Input data.
------
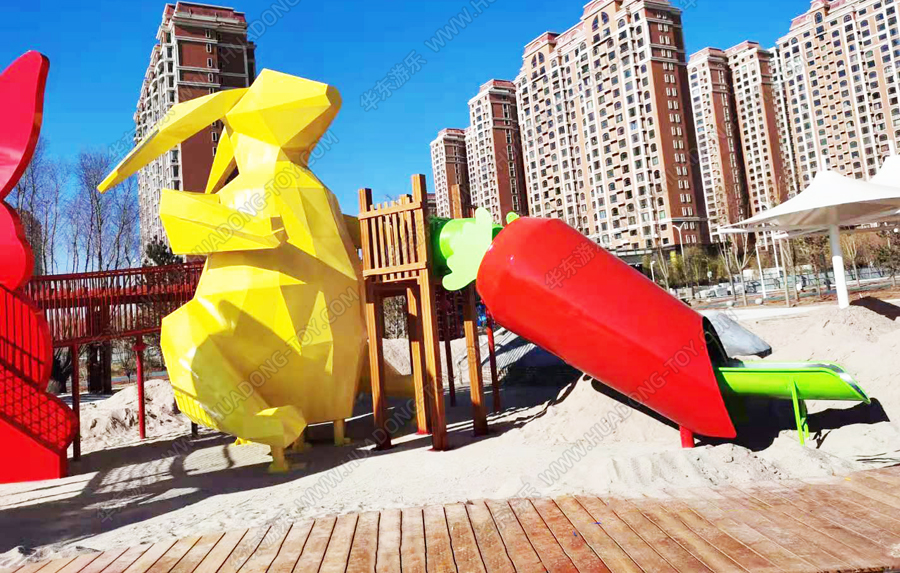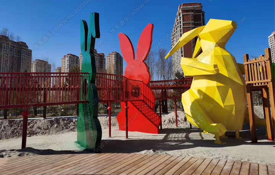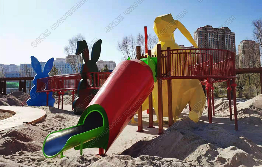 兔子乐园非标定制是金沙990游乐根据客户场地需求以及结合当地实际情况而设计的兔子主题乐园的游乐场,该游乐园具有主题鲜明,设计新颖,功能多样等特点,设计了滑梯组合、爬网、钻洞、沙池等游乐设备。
------
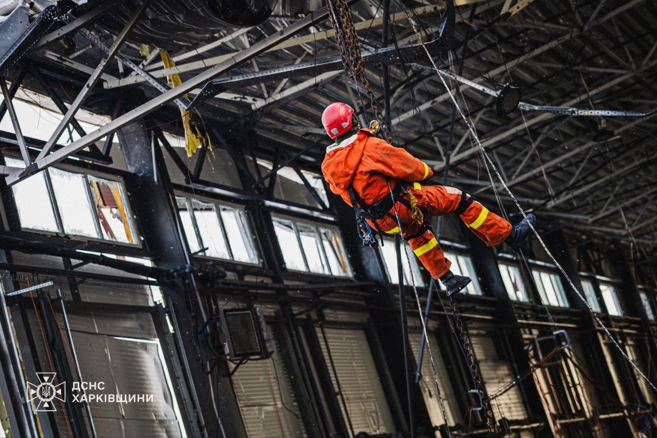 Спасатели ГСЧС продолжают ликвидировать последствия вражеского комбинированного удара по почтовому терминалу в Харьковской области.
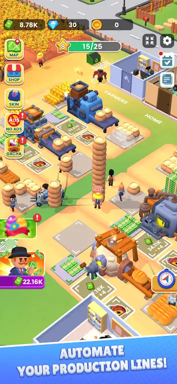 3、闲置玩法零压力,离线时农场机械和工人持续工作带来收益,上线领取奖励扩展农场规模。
------
About this task.
Working from the entries above, reproduce exactly and only the lines beginning with the line that has "Спасатели ГСЧС продолжают" and ending with the line that has "3、闲置玩法零压力,离线时农"; omit all pictures.

Reply.
 Спасатели ГСЧС продолжают ликвидировать последствия вражеского комбинированного удара по почтовому терминалу в Харьковской области.
 3、闲置玩法零压力,离线时农场机械和工人持续工作带来收益,上线领取奖励扩展农场规模。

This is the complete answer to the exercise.